Breakups are hard, and moving on from a stalled relationship can be challenging. Unfortunately, with the disrupted routines and removal of outdoor activities, the pandemic has left many couples struggling to stay afloat. And while you would heal from a breakup under normal circumstances, moving on in the new ‘social-distanced world’ isn’t as pleasant.
Most people would either book a solo trip to an exotic destination or party the pain away with their friends. However, none of these is possible, making it trickier to navigate through the healing process. We talked to Rachel Sommer, Ph.D., a clinical sexologist, and Sandra Larson, RN, a nurse and relationship expert, to understand how to heal from a breakup amid the Covid-19 pandemic.
Create Distance from Your Ex
One of the most important ways to start healing is establishing meaningful boundaries to avoid falling into the trap of going back to your ex because of the lockdown loneliness. Cut all communication with your ex immediately – it’s around this time that your emotions are most fragile. “Whether it’s unfollowing or blocking them on social media, set boundaries that increase virtual and physical distance,” adds Sandra.
Reach Out to Friends and Family
Regardless of how out of touch you’ve been with a friend or family member, don’t go through the pain of a breakup alone. “Even though we can’t go out with our friends and pour our hearts out after a few Martini glasses, reaching out allows you to cultivate self-awareness,” says Sandra. Find a close friend or family member and have an open venting session with them. “You can even do it via Zoom or FaceTime if you have to,” adds Rachel.
There are numerous ways to experience human connection with your friend, even with the pandemic. Everything from Zoom happy hours to using Netflix party together, just pick one (or two). And while it might not come with a hug, having someone caring to talk to can be invaluable, especially during these times.
Focus on What you Learned from the Relationship
Everything happens for a reason, and the relationship that just ended is no exception. So, rather than jumping into a new relationship to temporarily seal the dent, take your time to reflect on the good and bad. What went wrong? What could I have done differently? Asking yourself these questions will help you learn important lessons that may help you decide to get into a new relationship.

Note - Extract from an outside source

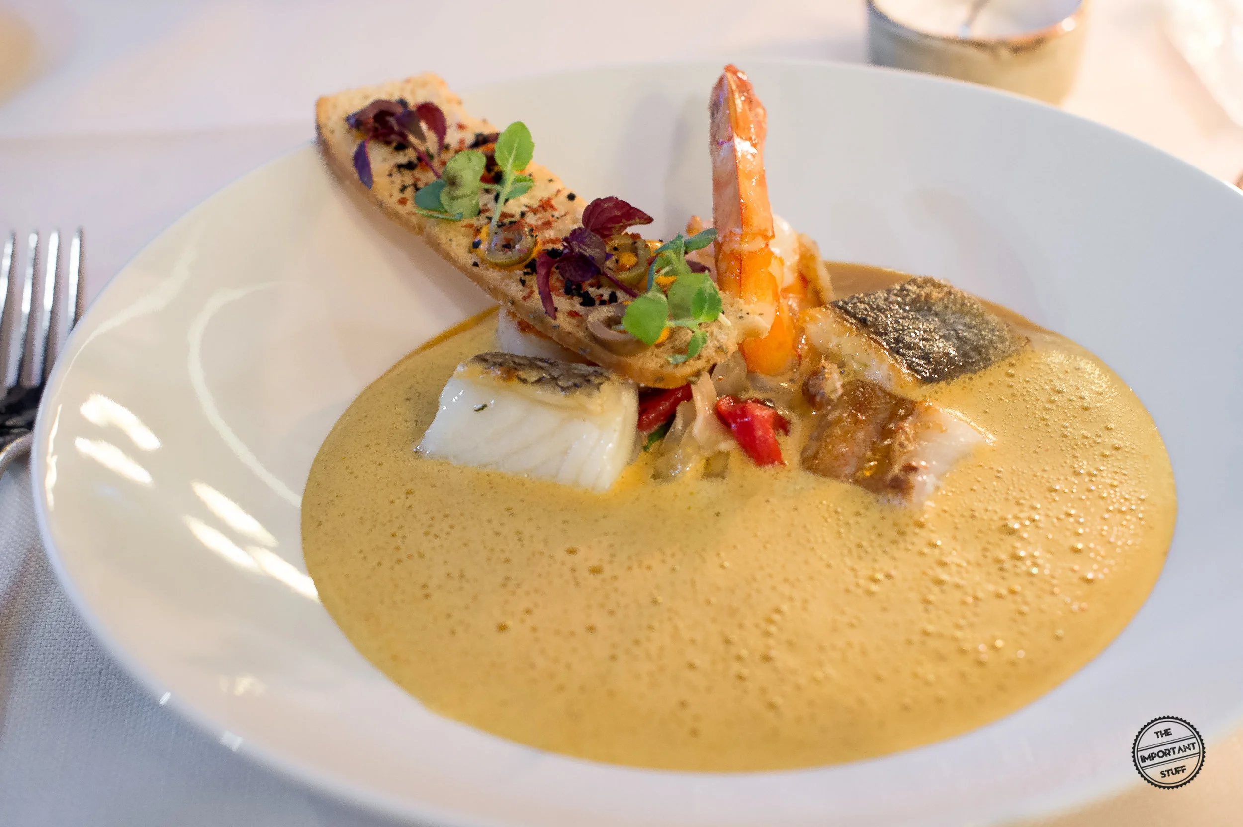 Mit der Bouillabaise Gustav, Allerlei aus dem Meer, Brotchips und Rouille erreicht ein weiterer Klassiker des Hauses den Tisch. Die tiefrote Fischsuppe verströmt einen betörenden Duft, der mich augenblicklich an einen Hafen in Südfrankreich transportiert, an dem gerade die Fischer den Tagesfang reinbringen. Wundervoll, wenn nur schon der Geruch eines Gerichts solche Emotionen auslösen kann. Die Suppe schmeckt dann auch ganz hervorragend - aber nur bis etwa zum vierten Löffel. Ab dann verwandelt sich die zu Beginn als angenehm intensiv und kräftig empfundene Suppe mit jedem zusätzlichen Löffel weiter in ein kleines Salzmonster. Ich bin diesbezüglich sicher etwas zarter besaitet, als viele andere Esser. Doch auch meine Begleitung, die grundsätzlich eine grössere Vorliebe für salzige Speisen pflegt als ich, empfindet die Suppe zunehmend als zu salzig. Dadurch verliert die Bouillabaisse leider auch etwas ihrer Finesse. Dennoch ein sehr guter Gang - vor allem auch dank der abwechslungsreichen und qualitativ hochwertigen Meeresprotagonisten, die in der Suppe schwimmen.

According to Sandra, jumping straight into a new relationship adds to the risk of repeating the same sequence repeatedly. “Use this time to reflect on yourself and what you have learned from the experience.” And if your mind’s crowded with feelings of hurt, it might be the best time to see a therapist. “Having an expert examine your behavioral patterns and walk you through what to keep, discard, and take home is priceless,” she says.
Find a Hobby/Distraction
A relationship shouldn’t be solely about your partner. Of course, you should be with them most of the time, but spending every minute of your day together might lead to codependency. Rachel recommends making time for your hobbies and personal projects even when you’re in a relationship. “Your life should be filled with hobbies, friends, and individual projects.” So, if you already have a hobby, use the extra time that you now have to pursue it. If you don’t, pick something you’re passionate about and go for it. This way, you can identify an identity away from your relationship, have something to look forward to, and most importantly, distract your mind from the breakup mess so you can heal.
Appreciate and Celebrate the Progress
Like with budding love, falling out of love is not a linear process. People will take different times to get over a loved one and employ other tactics to get there. “Don’t fall into the trap of self-pity because you’re not healing as fast as your friend did,” says Rachel. “Appreciate the small moves you’re making and celebrate the progress.”
“Healing is a constant up-and-down battle with good and bad days – just allow yourself to grieve in your own way,” affirms Sandra.